On the other hand, the results of measuring the efficacy of inhibiting the expression of the elastase of the test substance in the human fibroblasts are shown in Table 6, which is prepared by the degree of expression of the elastase of the untreated group as 100.

Test substance Elastase expression level (%) Untreated group 100 Tocopherol 88 EGCG 68 Ripening 87 Immature and -3 56 Immature 63 Immature and -1 72

In the results of Table 6, it was confirmed that the immature fruit extract according to the present invention more effectively suppress the expression of elastase than the ripe fruit extract.

[Test Example 7] melanin production inhibitory effect of non-berry fruit extracts by collection time

To determine the melanin production inhibitory effect of the extract of the non-fruit fruit of Example 1 was measured using the pigment cells of the rat.

First, mouse Mel-Ab cells derived from C57BL / 6 mice (Dooley, TP et al , Skin pharmacol, 7, pp 188-200) were placed in DMEM with 10% fetal placental serum, 100 nM 2-O- Tetracanocanoyphorbol-13-acetate and 1 nM cholera toxin were incubated at 37 ° C. and 5% CO ₂ . Cultured Mel-Ab cells were detached with 0.25% trypsin-EDTA, and the cells were cultured at a concentration of 10 ⁵ cells / well in a 24 well plate, and the non-berry fruit extract and positive control of Example 1 were consecutive for 3 days from the second day.

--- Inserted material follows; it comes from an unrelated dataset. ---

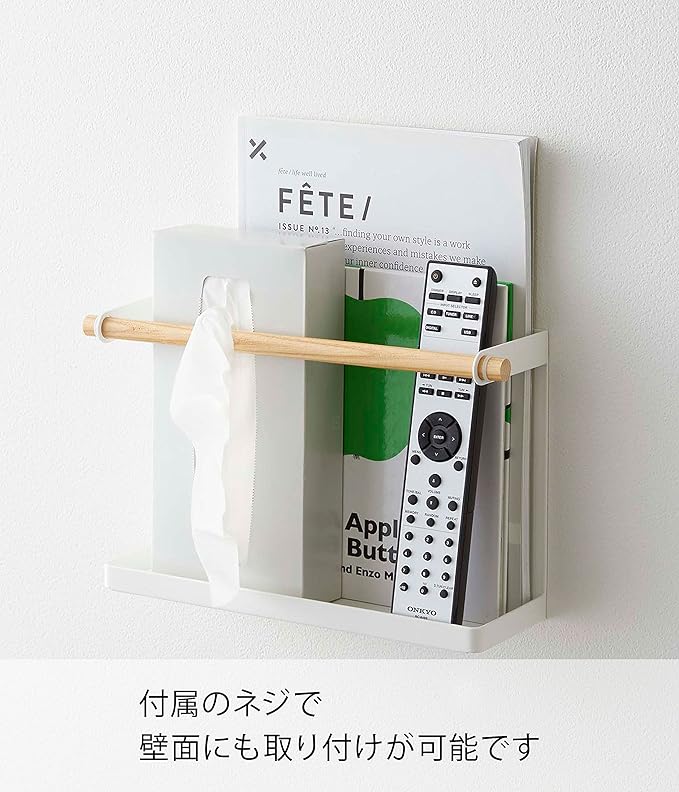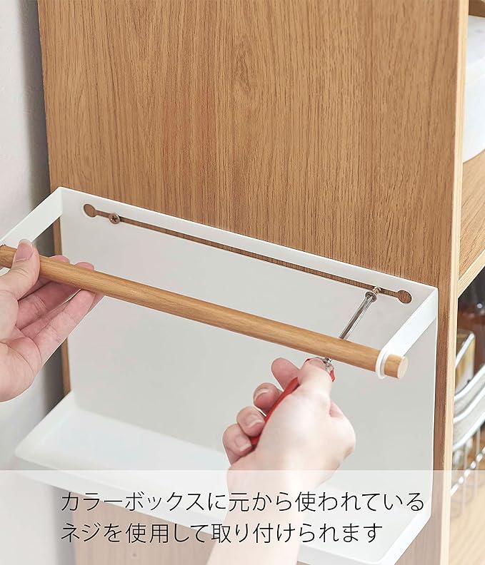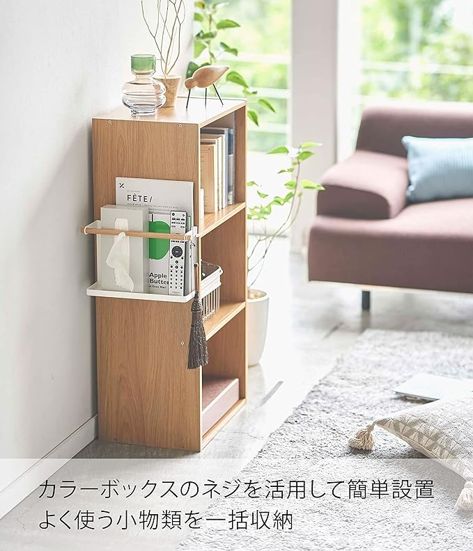 カラーボックスのネジを活用して簡単設置。ティッシュやリモコンなどよく使う小物を一括収納。天然木がアクセントになるデザインです。

Phosphorus hydroquinone was added at 10 ppm and incubated. Then, the culture medium was removed, washed with PBS, cells were dissolved with 1 N sodium hydroxide, absorbance was measured at 400 nm, and the melanin production inhibition rate was calculated according to the following Equation 3, and the results are shown in Table 7 Dooley's way).

Test substance Melanin production inhibition rate (%) Untreated group 100.0 Ripening 84.5 Immature and -3 38.6 Immature 38.2 Immature and -1 56.7 Hydroquinone 41.1

In the results of Table 7, it was confirmed that the immature fruit extract according to the present invention was superior to the melanin production inhibitory effect than the mature fruit extract, in particular showing a melanin production inhibition rate similar to the hydroquinone positive control group.

Claims (7)

delete delete delete Antioxidant cosmetic composition containing a pulp extract of immature fruit of a non-tree taken in June to September as an active ingredient. An anti-aging cosmetic composition containing a pulp extract of immature fruit of a non-tree taken in June to September as an active ingredient. A whitening cosmetic composition containing a pulp extract of immature fruit of a non-tree taken in June to September as an active ingredient. A cosmetic composition for improving wrinkles, comprising a pulp extract of immature fruit of a non-tree obtained in June to September.